• _Task to carry out_
Before copying the entries, remove the pictures; everything else stays exactly as it is.

• _Extracted records_
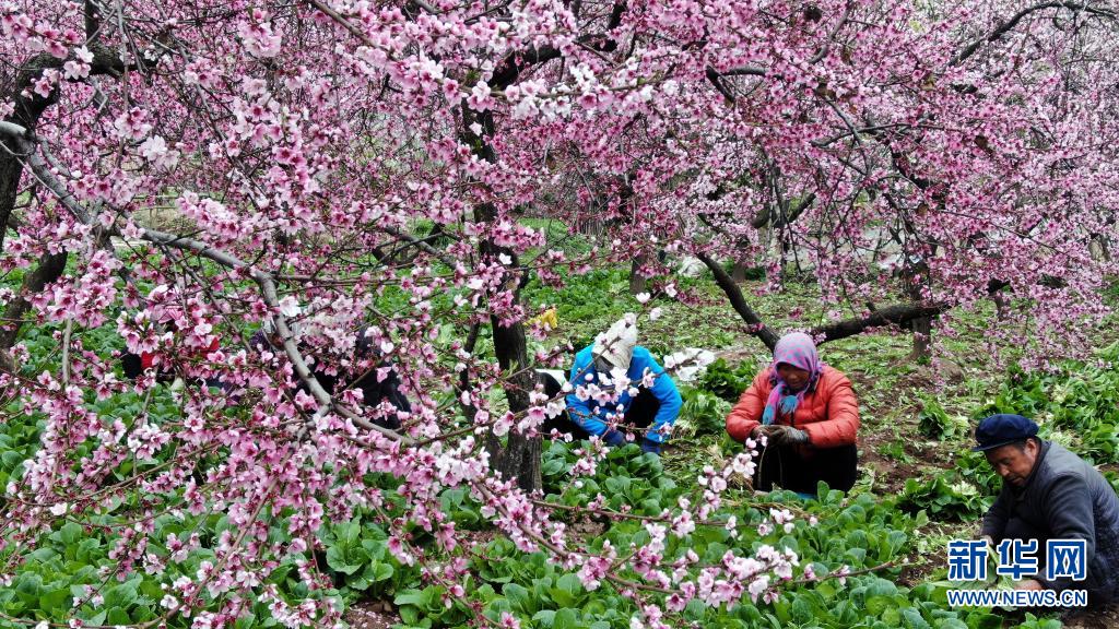 4月6日,甘肅省隴南市宕昌縣城關鎮玉地河村羣眾在桃樹下采挖小白菜。 春季裏,隨處可見農民們辛勤勞作的身影,如同一幅幅生機勃勃的畫卷。 新華社發(劉輝 攝)
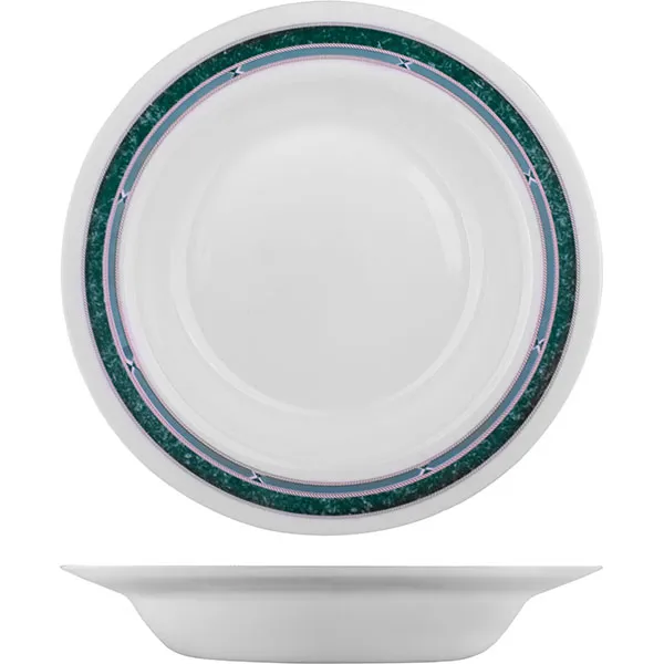 Блюдо «Риалто» круглое глубокое стекло 0,7л D=290,H=44мм белый,зелен.
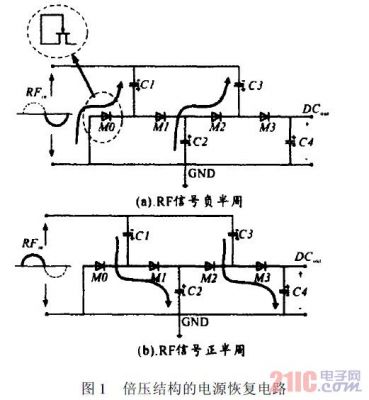 倍壓結構的電源恢復電路如圖1所示。圖中的二極管在實際應用時通常用MOS管替代。輸入正弦交流信號RFin=VAsint。在RFin負半周期時,M0導通,C1充電。C1兩端能夠獲得的最大電壓為VA-Vd,其中,Vd為MOS管M0兩端的電壓降。
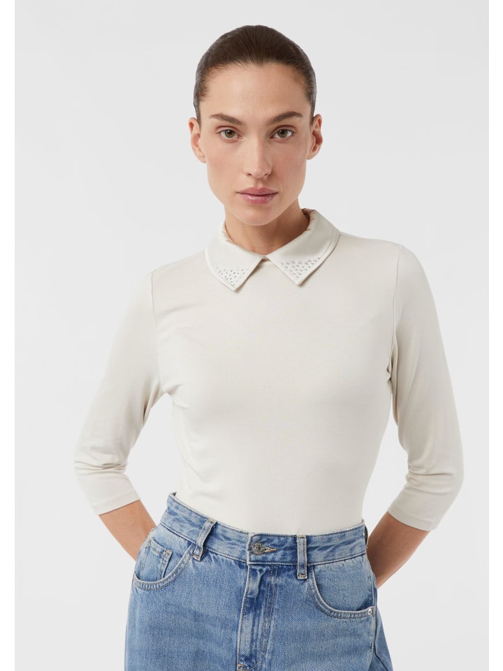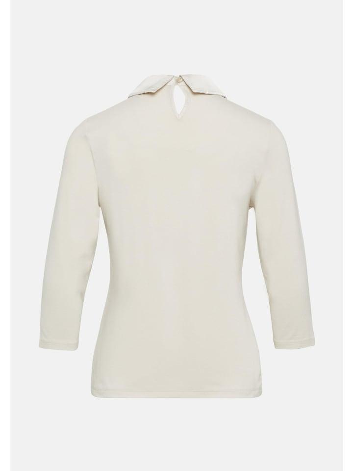 Элегантная изысканность и повседневный комфорт: эта облегающая трикотажная рубашка со съемным атласным воротником сочетает в себе высококачественные материалы, создавая универсальный стильный предмет. Женственный рубашечный воротник с декоративными стразами и рукава 3/4 добавляют модные акценты. Благодаря высококачественной вискозной смеси и облегающему крою рубашка выгодно подчеркивает любую фигуру. Практичный разрез с пуговицей придает этой базовой модели особый шарм.
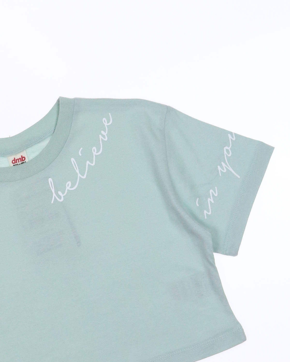 Укороченная футболка DMB для девочки оптом. Модель свободного кроя с лаконичным принтом.
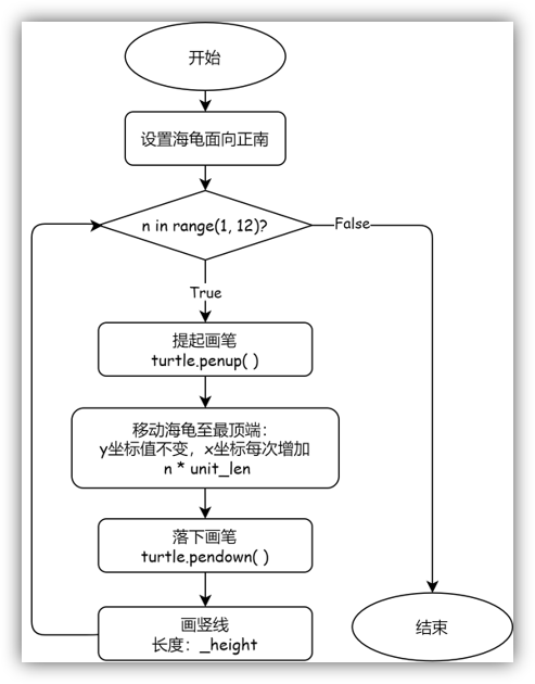 我们再用for-loop循环来为背景矩形画上辅助竖线。要分隔12等分,只需画11条线,意味著画线的过程要重复/循环11次,考虑到每次循环时起点位置的y坐标值没变化,但x坐标值从左侧起点位置(start_x)逐步向右边/原点移动、每次一个单元宽度(unit_len),生成的数字序列从1开始,到12结束/不包含12,而11条竖线就可以等分12份,range函数为:range(1, 12)。程序流程图见图3-7画竖辅助线流程图。

• _Task answer_
 4月6日,甘肅省隴南市宕昌縣城關鎮玉地河村羣眾在桃樹下采挖小白菜。 春季裏,隨處可見農民們辛勤勞作的身影,如同一幅幅生機勃勃的畫卷。 新華社發(劉輝 攝)
 Блюдо «Риалто» круглое глубокое стекло 0,7л D=290,H=44мм белый,зелен.
 倍壓結構的電源恢復電路如圖1所示。圖中的二極管在實際應用時通常用MOS管替代。輸入正弦交流信號RFin=VAsint。在RFin負半周期時,M0導通,C1充電。C1兩端能夠獲得的最大電壓為VA-Vd,其中,Vd為MOS管M0兩端的電壓降。
 Элегантная изысканность и повседневный комфорт: эта облегающая трикотажная рубашка со съемным атласным воротником сочетает в себе высококачественные материалы, создавая универсальный стильный предмет. Женственный рубашечный воротник с декоративными стразами и рукава 3/4 добавляют модные акценты. Благодаря высококачественной вискозной смеси и облегающему крою рубашка выгодно подчеркивает любую фигуру. Практичный разрез с пуговицей придает этой базовой модели особый шарм.
 Укороченная футболка DMB для девочки оптом. Модель свободного кроя с лаконичным принтом.
 我们再用for-loop循环来为背景矩形画上辅助竖线。要分隔12等分,只需画11条线,意味著画线的过程要重复/循环11次,考虑到每次循环时起点位置的y坐标值没变化,但x坐标值从左侧起点位置(start_x)逐步向右边/原点移动、每次一个单元宽度(unit_len),生成的数字序列从1开始,到12结束/不包含12,而11条竖线就可以等分12份,range函数为:range(1, 12)。程序流程图见图3-7画竖辅助线流程图。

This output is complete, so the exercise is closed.